▶ Data section:
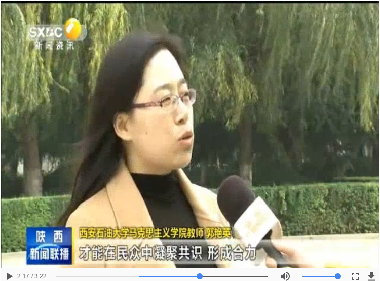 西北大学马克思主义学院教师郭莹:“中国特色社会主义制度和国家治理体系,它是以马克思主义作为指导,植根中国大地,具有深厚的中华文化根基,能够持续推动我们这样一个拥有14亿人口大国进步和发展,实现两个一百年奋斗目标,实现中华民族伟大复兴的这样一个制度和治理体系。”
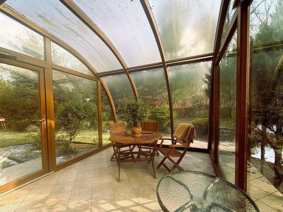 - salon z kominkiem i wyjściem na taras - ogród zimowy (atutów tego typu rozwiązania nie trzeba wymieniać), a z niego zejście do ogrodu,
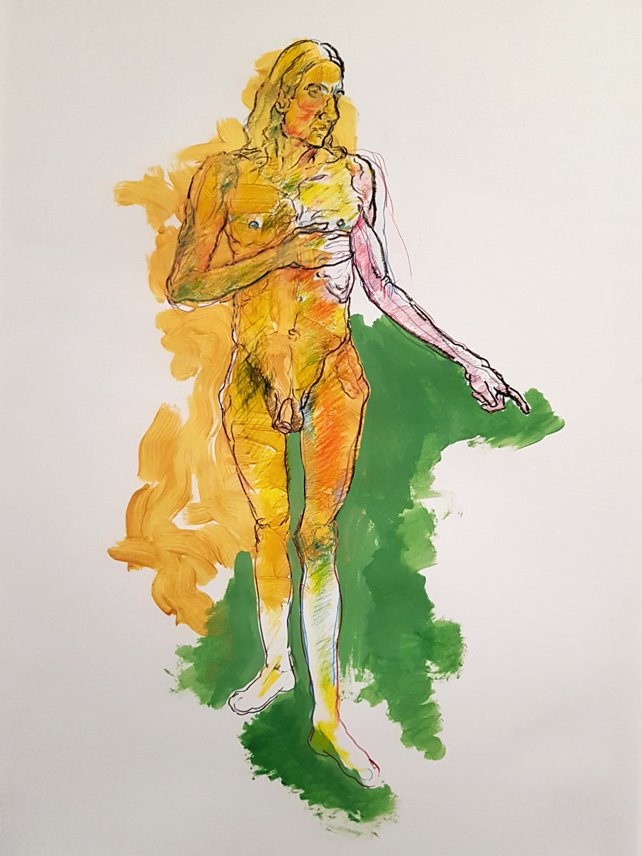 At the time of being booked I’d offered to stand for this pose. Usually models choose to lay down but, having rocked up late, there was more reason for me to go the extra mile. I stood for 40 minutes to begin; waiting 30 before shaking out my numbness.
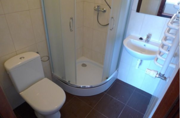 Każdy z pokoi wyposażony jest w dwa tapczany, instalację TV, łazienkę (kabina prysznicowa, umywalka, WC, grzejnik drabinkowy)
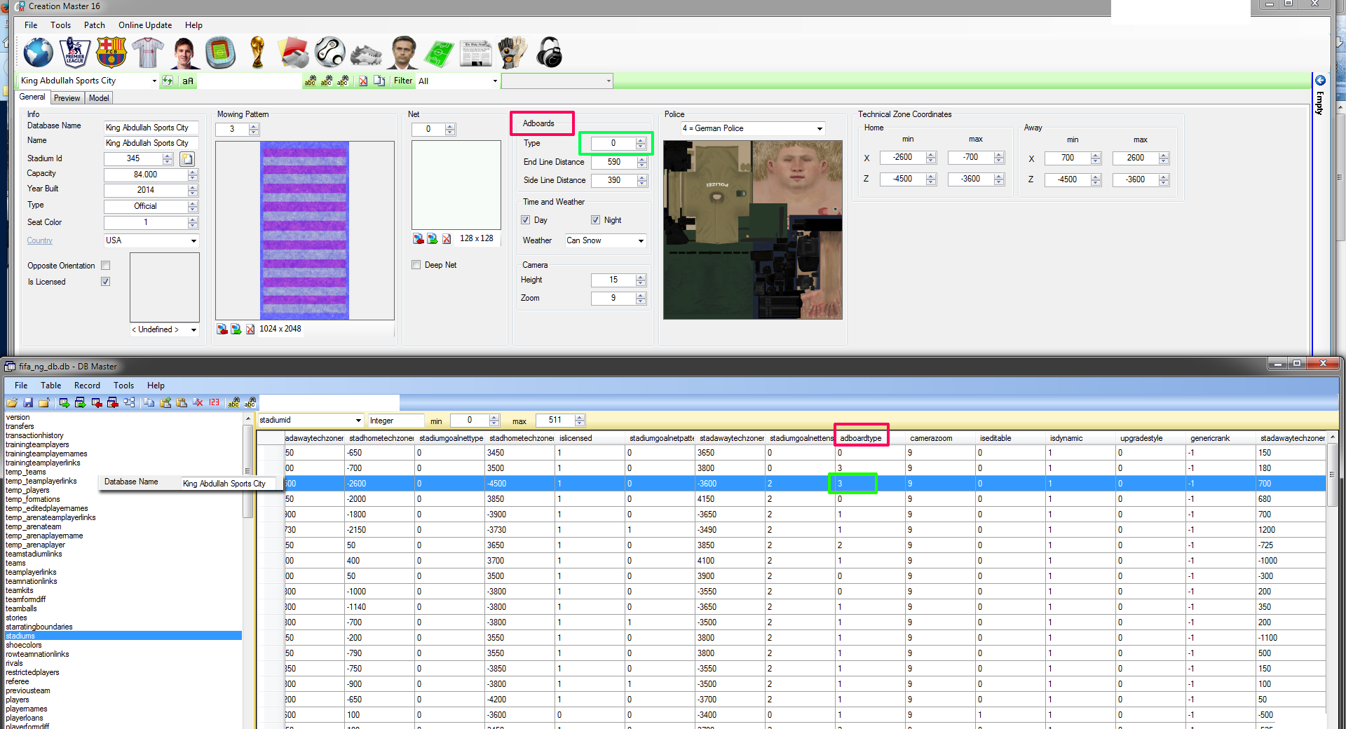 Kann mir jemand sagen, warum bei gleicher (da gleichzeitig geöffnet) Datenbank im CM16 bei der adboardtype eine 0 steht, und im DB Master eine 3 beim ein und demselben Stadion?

* * *

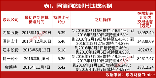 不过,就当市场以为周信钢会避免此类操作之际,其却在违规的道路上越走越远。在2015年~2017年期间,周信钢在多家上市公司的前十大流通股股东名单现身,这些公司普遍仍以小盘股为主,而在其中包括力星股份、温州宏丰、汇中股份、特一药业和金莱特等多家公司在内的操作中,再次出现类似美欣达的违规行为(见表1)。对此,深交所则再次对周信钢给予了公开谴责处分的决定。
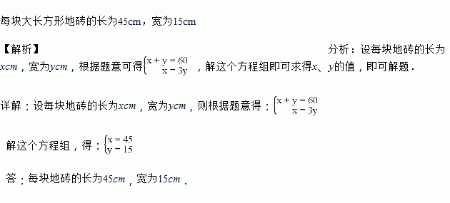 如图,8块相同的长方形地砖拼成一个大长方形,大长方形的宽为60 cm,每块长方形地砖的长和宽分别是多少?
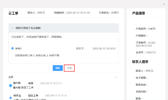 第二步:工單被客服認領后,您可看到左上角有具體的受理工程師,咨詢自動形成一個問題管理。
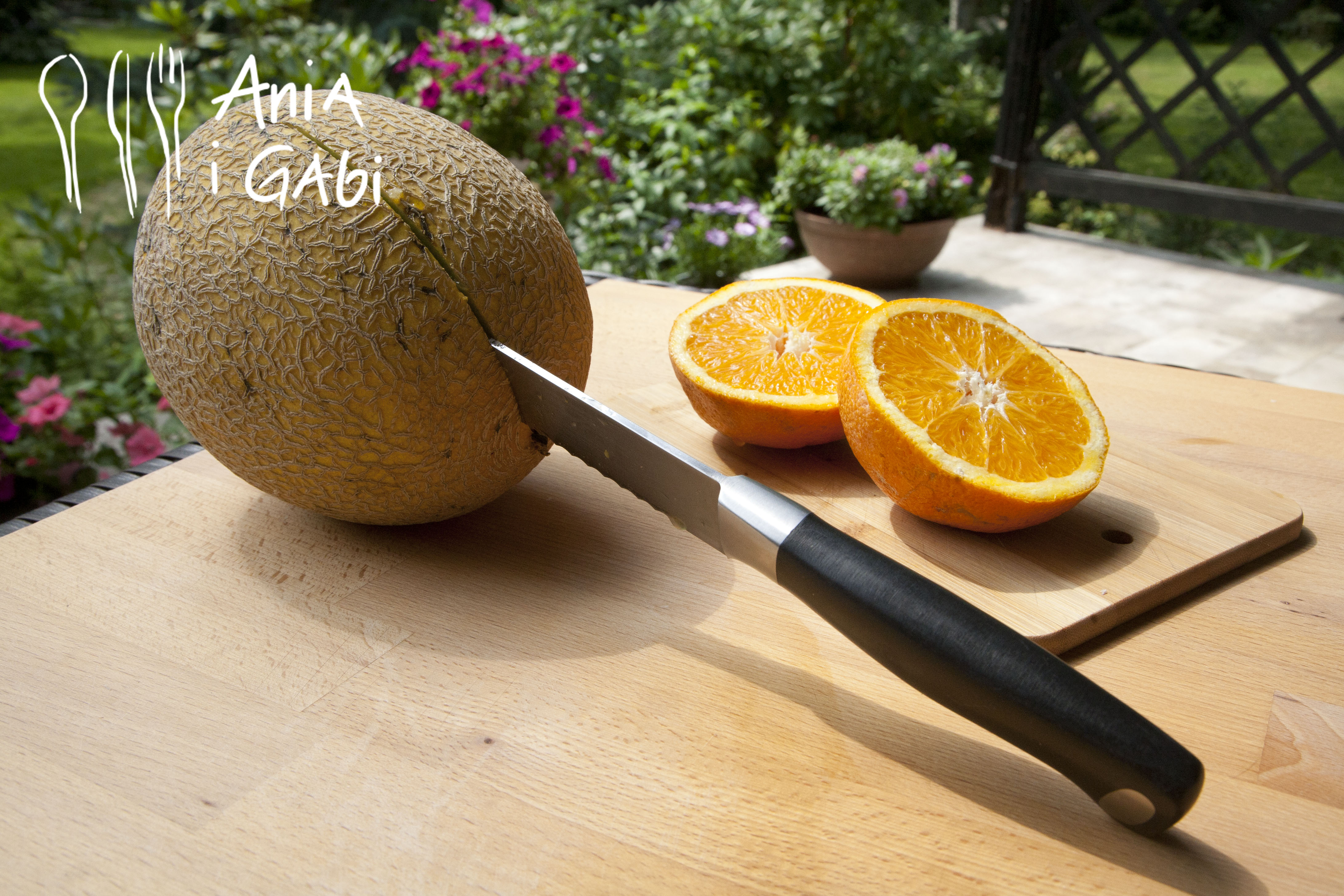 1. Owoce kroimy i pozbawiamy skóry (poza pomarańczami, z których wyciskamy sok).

--

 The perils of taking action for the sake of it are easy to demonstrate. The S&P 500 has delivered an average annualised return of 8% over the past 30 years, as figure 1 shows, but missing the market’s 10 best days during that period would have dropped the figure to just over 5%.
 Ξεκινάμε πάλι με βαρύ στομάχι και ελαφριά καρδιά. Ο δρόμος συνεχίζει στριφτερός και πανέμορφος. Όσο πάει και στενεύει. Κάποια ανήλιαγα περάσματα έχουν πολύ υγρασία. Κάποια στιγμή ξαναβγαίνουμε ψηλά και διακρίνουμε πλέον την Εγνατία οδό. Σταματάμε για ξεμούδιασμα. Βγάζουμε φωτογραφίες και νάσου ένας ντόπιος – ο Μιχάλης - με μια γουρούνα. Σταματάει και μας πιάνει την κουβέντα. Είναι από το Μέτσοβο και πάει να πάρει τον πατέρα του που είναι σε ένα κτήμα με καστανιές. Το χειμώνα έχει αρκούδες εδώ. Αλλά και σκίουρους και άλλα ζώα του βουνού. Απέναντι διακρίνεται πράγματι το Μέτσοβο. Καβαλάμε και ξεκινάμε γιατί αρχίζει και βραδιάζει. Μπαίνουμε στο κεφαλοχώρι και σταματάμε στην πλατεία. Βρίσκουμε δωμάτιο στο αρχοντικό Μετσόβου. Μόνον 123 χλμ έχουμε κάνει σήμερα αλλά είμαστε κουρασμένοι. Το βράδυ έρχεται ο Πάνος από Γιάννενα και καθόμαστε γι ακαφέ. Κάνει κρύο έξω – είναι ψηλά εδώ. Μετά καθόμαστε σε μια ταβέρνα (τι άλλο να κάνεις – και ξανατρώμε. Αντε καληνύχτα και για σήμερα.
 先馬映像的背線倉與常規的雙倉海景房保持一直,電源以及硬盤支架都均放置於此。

▶ Assignment: Both boundary lines included, write out word for word only the lines above from the one containing "Każdy z pokoi" to the one containing "Kann mir jemand", leaving out any pictures.

▶ Expected output:
 Każdy z pokoi wyposażony jest w dwa tapczany, instalację TV, łazienkę (kabina prysznicowa, umywalka, WC, grzejnik drabinkowy)
 Kann mir jemand sagen, warum bei gleicher (da gleichzeitig geöffnet) Datenbank im CM16 bei der adboardtype eine 0 steht, und im DB Master eine 3 beim ein und demselben Stadion?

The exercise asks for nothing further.